╭──

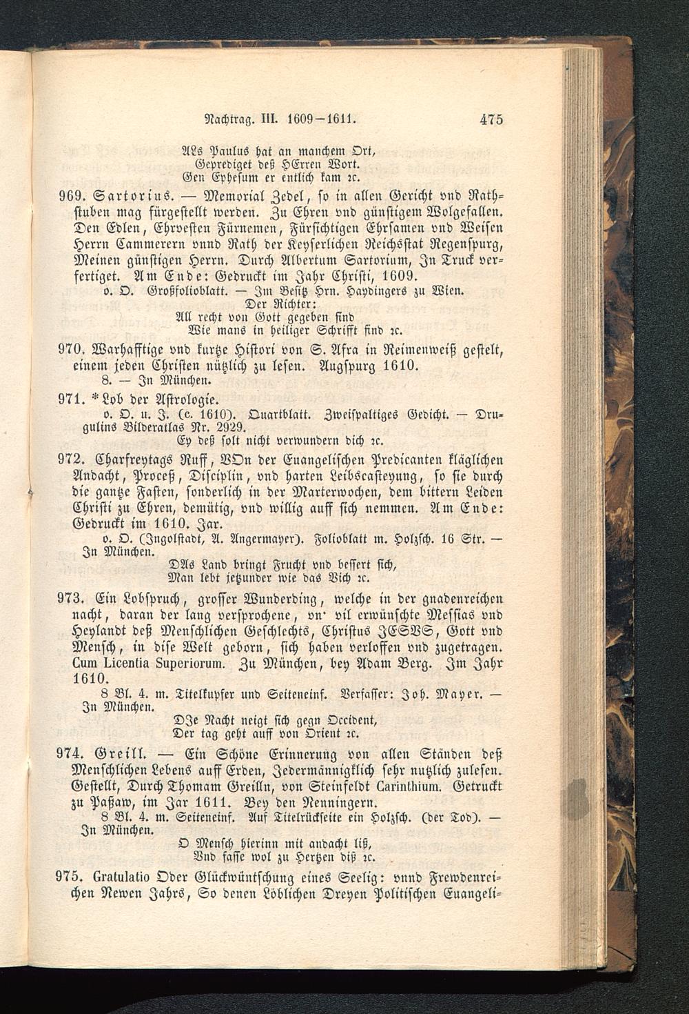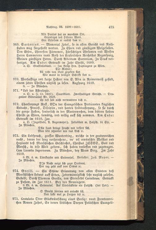 969. Sartor ins. — Memorial Zedel, so in allen Gericht vnd Nath-stuben mag fürgestcllt werden. Zu Ehren vnd günstigem Wolgcfallen.Den Edlen, Ehrvesten Fürnemcn, Fürsichtigen Ehrsamen vnd WeisenHerrn Cammerern vnnd Rath der Kcyserlichen RcichSstat Regenspurg,Meinen günstigen Herrn. Durch Albertum Sartorium, In Truck ver-fertiget. Am Ende: Gedruckt im Jahr Christi, 1609.
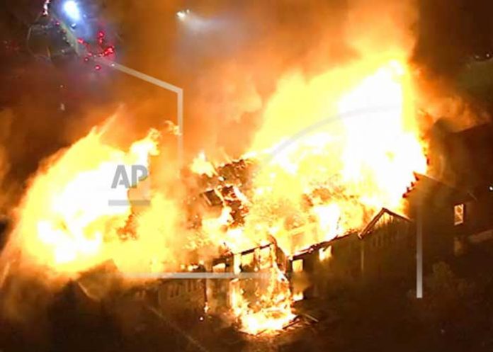 Las llamas se propagaron con rapidez a varios edificios y se veían llamas saliendo de tejados y ventanas de los inmuebles. Los residentes se vieron obligados a evacuar, saliendo al exterior en una noche fría. Videos tomados por un helicóptero de noticias mostraba docenas de personas esperando en línea junto a la calle, envueltos en mantas y muchos de ellos en sillas de ruedas.
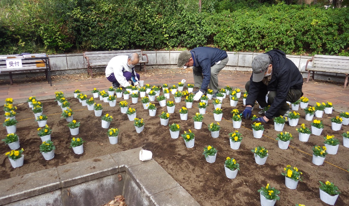 ボランティアのみなさんと公園内の花壇に寒さに強いビオラとチューリップの球根を
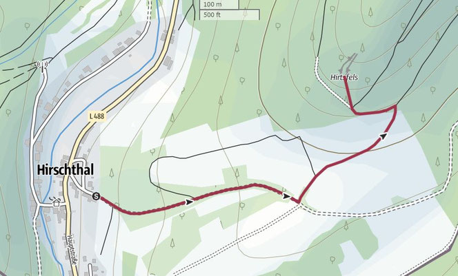 Zustieg: In Hirschthal in die Bergstraße den Hohlweg nach Osten hoch bis zur Obstbaumwiese und an der Kreuzung nach Norden zum gut sichtbaren Fels.
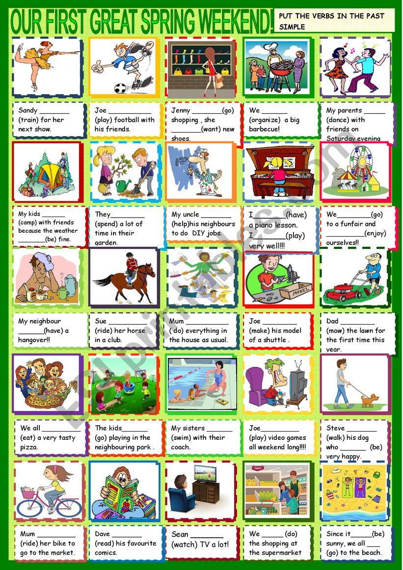 Here students put the verbs in the past simple to talk about the weekend then they can talk about their weekends,Thanks Mada for teh template, hugs! Sylvie!:)

╰──

# Exercise aim:
What this calls for is the material above set down exactly, pictures excluded.

# Written solution:
 969. Sartor ins. — Memorial Zedel, so in allen Gericht vnd Nath-stuben mag fürgestcllt werden. Zu Ehren vnd günstigem Wolgcfallen.Den Edlen, Ehrvesten Fürnemcn, Fürsichtigen Ehrsamen vnd WeisenHerrn Cammerern vnnd Rath der Kcyserlichen RcichSstat Regenspurg,Meinen günstigen Herrn. Durch Albertum Sartorium, In Truck ver-fertiget. Am Ende: Gedruckt im Jahr Christi, 1609.
 Las llamas se propagaron con rapidez a varios edificios y se veían llamas saliendo de tejados y ventanas de los inmuebles. Los residentes se vieron obligados a evacuar, saliendo al exterior en una noche fría. Videos tomados por un helicóptero de noticias mostraba docenas de personas esperando en línea junto a la calle, envueltos en mantas y muchos de ellos en sillas de ruedas.
 ボランティアのみなさんと公園内の花壇に寒さに強いビオラとチューリップの球根を
 Zustieg: In Hirschthal in die Bergstraße den Hohlweg nach Osten hoch bis zur Obstbaumwiese und an der Kreuzung nach Norden zum gut sichtbaren Fels.
 Here students put the verbs in the past simple to talk about the weekend then they can talk about their weekends,Thanks Mada for teh template, hugs! Sylvie!:)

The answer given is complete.